**WORK REQUIRED**
Please restate the records below verbatim, omitting every image they hold.

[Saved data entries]
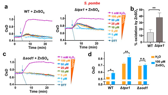 We decided to continue studying the generation of H2O2 from added zinc using fission yeast, for which we have a vast collection of strains of known impact on peroxide homeostasis. Thus, we applied various concentrations of the metal to cells lacking the main H2O2 scavenger Tpx1. We had shown before that roGFP2-Tpx1.C169S expressed in Δtpx1 is able to sense concentrations of peroxides lower than in a wild-type background since H2O2 is not scavenged, and the basal level of oxidation of the probe, OxD0, is also significantly altered (20% more oxidized than in wild-type cells) [27]. As shown in Figure 4a,b and Figure S3, the oxidation of the sensor upon the addition of micromolar zinc was quantitatively larger than that observed in a wild-type background, confirming that H2O2 had been intracellularly generated as a secondary event upon zinc supplementation.
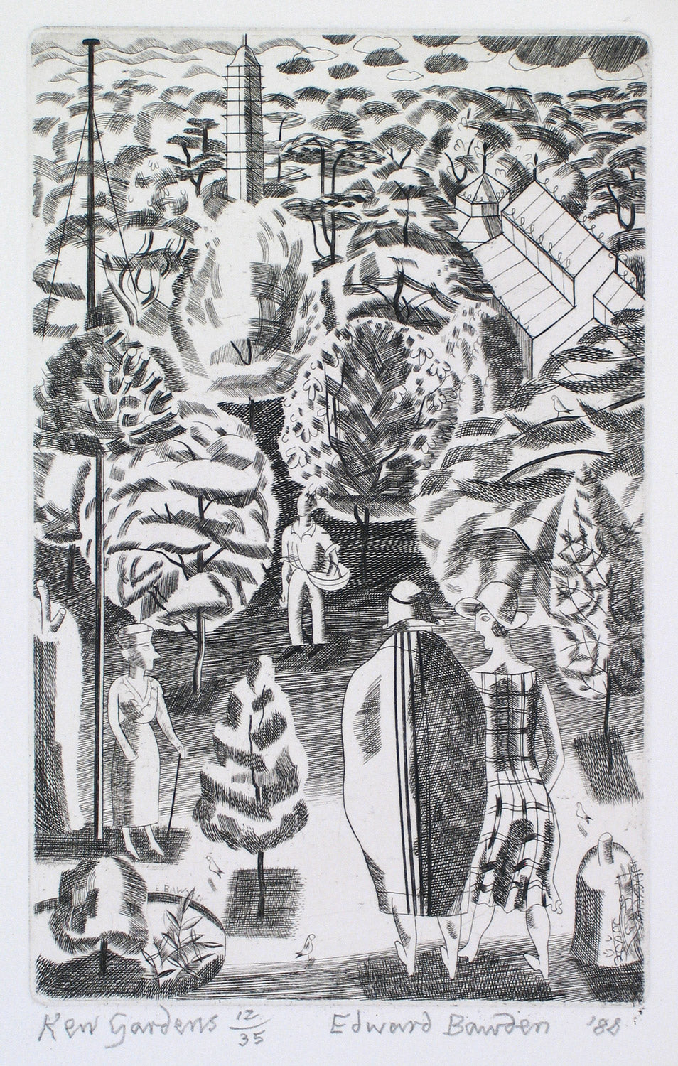 Producing work for London Transport, he was made an Official War Artist in 1940. After the war, he consolidated his artistic reputation with a large body of prints, illustrations, posters, catalogues and murals and attained full RA status in 1957. After a decline in popularity, in 1989 Bawden was accorded a major retrospective at the V. and A. Museum. Though too ill to attend, he died a happy man later that same year.
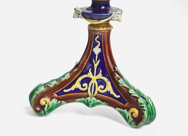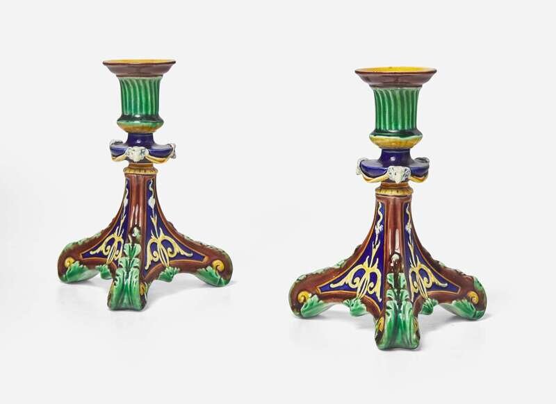 A Pair of Wedgwood Majolica Candlesticks, UK, 1875
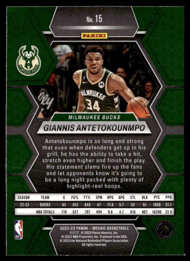 | GIANNIS ANTETOKOUNMPO 2023-24 PANINI MOSAIC MILWAUKEE BUCKS #15 | ||||||||||||||||
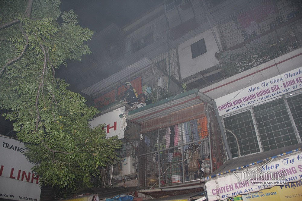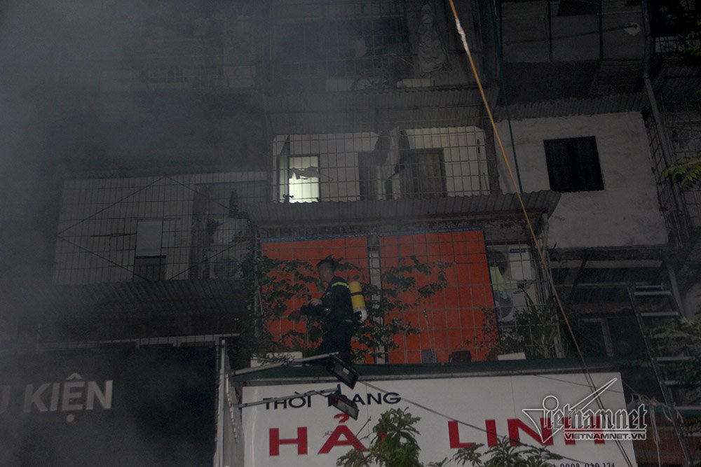 Thiếu tá Nguyễn Quang Huấn, Phó trưởng phòng CS PCCC và CHCN số 8 cho biết thêm: Khu vực bị cháy ở tầng 1, vị trí cháy ở trong kho có diện tích khoảng 30 m2 của cửa hàng giày dép, phía ngoài là gian ban hàng. Khi lực lượng chữa cháy đến đã ưu tiên cho công tác cứu nạn giải cứu người bị nạn của căn hộ từ tầng 2 đến tầng 5.
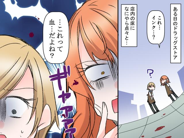 ある日、いつものようにドラッグストアで働いていた私は、店内の床に赤黒いものが点々とついていることに気がつきました。「インクかな?」と思ったのですが、どう見ても血にしか見えません。
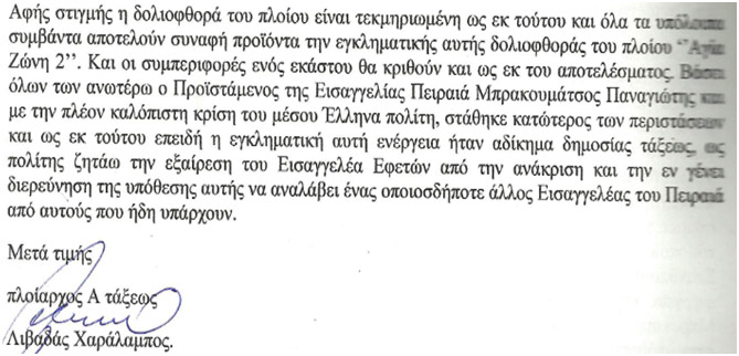Σας γνωρίζω ότι, η νυν αντιεισαγγελέας το Α.Π κ. Θεοδώρου Βασιλική και ο τότε εισαγγελέας εφετών Πειραιά Μπρακουμάτσος Παναγιώτης και νυν αντιεισαγγελέας του Α.Π, προβιβασθείς από την τέως εισαγγελέα του Α. Π κ. Ξένη Δημητρίου σε συνεργασία με την νυν αντιεισαγγελέα του Αρείου Πάγου κ. Θεοδώρου Βασιλική, του οποίου η προαγωγή προήλθε, επ’ ευκαιρία της απαίτησης μου, να αντικατασταθεί για λόγους τους οποίους αναφέρω στις σελίδες (4) και (5) της παρούσης, όπου ζητώ από τον (Α.Π) την αντικατάστασή του από την ανάκριση της υπόθεσης της βύθισης του πλοίου ‘’Αγία Ζώνη ΙΙ’’ κατηγορώντας τον ευθέως ότι αποπροσανατολίζει την ανάκριση και αποκοιμίζει την δικογραφία στο συρτάρι του και γενικότερα διευκολύνει και συγκαλύπτει την υπόθεση αυτήν.
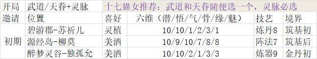 **:如果前期招到了技艺高于图上3位的弟子,那么这几个除开柳莫都可以不邀请。
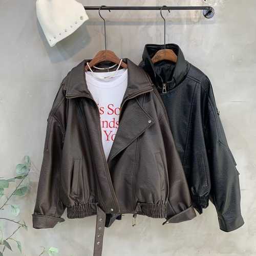 [끌레아]여성재킷 가죽재킷 우아한 라이더자켓 여성 2컬러 가을룩 벨트 레더자켓

**RESPONSE FOR THIS EXERCISE**
 We decided to continue studying the generation of H2O2 from added zinc using fission yeast, for which we have a vast collection of strains of known impact on peroxide homeostasis. Thus, we applied various concentrations of the metal to cells lacking the main H2O2 scavenger Tpx1. We had shown before that roGFP2-Tpx1.C169S expressed in Δtpx1 is able to sense concentrations of peroxides lower than in a wild-type background since H2O2 is not scavenged, and the basal level of oxidation of the probe, OxD0, is also significantly altered (20% more oxidized than in wild-type cells) [27]. As shown in Figure 4a,b and Figure S3, the oxidation of the sensor upon the addition of micromolar zinc was quantitatively larger than that observed in a wild-type background, confirming that H2O2 had been intracellularly generated as a secondary event upon zinc supplementation.
 Producing work for London Transport, he was made an Official War Artist in 1940. After the war, he consolidated his artistic reputation with a large body of prints, illustrations, posters, catalogues and murals and attained full RA status in 1957. After a decline in popularity, in 1989 Bawden was accorded a major retrospective at the V. and A. Museum. Though too ill to attend, he died a happy man later that same year.
 A Pair of Wedgwood Majolica Candlesticks, UK, 1875
 | GIANNIS ANTETOKOUNMPO 2023-24 PANINI MOSAIC MILWAUKEE BUCKS #15 | ||||||||||||||||
 Thiếu tá Nguyễn Quang Huấn, Phó trưởng phòng CS PCCC và CHCN số 8 cho biết thêm: Khu vực bị cháy ở tầng 1, vị trí cháy ở trong kho có diện tích khoảng 30 m2 của cửa hàng giày dép, phía ngoài là gian ban hàng. Khi lực lượng chữa cháy đến đã ưu tiên cho công tác cứu nạn giải cứu người bị nạn của căn hộ từ tầng 2 đến tầng 5.
 ある日、いつものようにドラッグストアで働いていた私は、店内の床に赤黒いものが点々とついていることに気がつきました。「インクかな?」と思ったのですが、どう見ても血にしか見えません。
Σας γνωρίζω ότι, η νυν αντιεισαγγελέας το Α.Π κ. Θεοδώρου Βασιλική και ο τότε εισαγγελέας εφετών Πειραιά Μπρακουμάτσος Παναγιώτης και νυν αντιεισαγγελέας του Α.Π, προβιβασθείς από την τέως εισαγγελέα του Α. Π κ. Ξένη Δημητρίου σε συνεργασία με την νυν αντιεισαγγελέα του Αρείου Πάγου κ. Θεοδώρου Βασιλική, του οποίου η προαγωγή προήλθε, επ’ ευκαιρία της απαίτησης μου, να αντικατασταθεί για λόγους τους οποίους αναφέρω στις σελίδες (4) και (5) της παρούσης, όπου ζητώ από τον (Α.Π) την αντικατάστασή του από την ανάκριση της υπόθεσης της βύθισης του πλοίου ‘’Αγία Ζώνη ΙΙ’’ κατηγορώντας τον ευθέως ότι αποπροσανατολίζει την ανάκριση και αποκοιμίζει την δικογραφία στο συρτάρι του και γενικότερα διευκολύνει και συγκαλύπτει την υπόθεση αυτήν.
 **:如果前期招到了技艺高于图上3位的弟子,那么这几个除开柳莫都可以不邀请。
 [끌레아]여성재킷 가죽재킷 우아한 라이더자켓 여성 2컬러 가을룩 벨트 레더자켓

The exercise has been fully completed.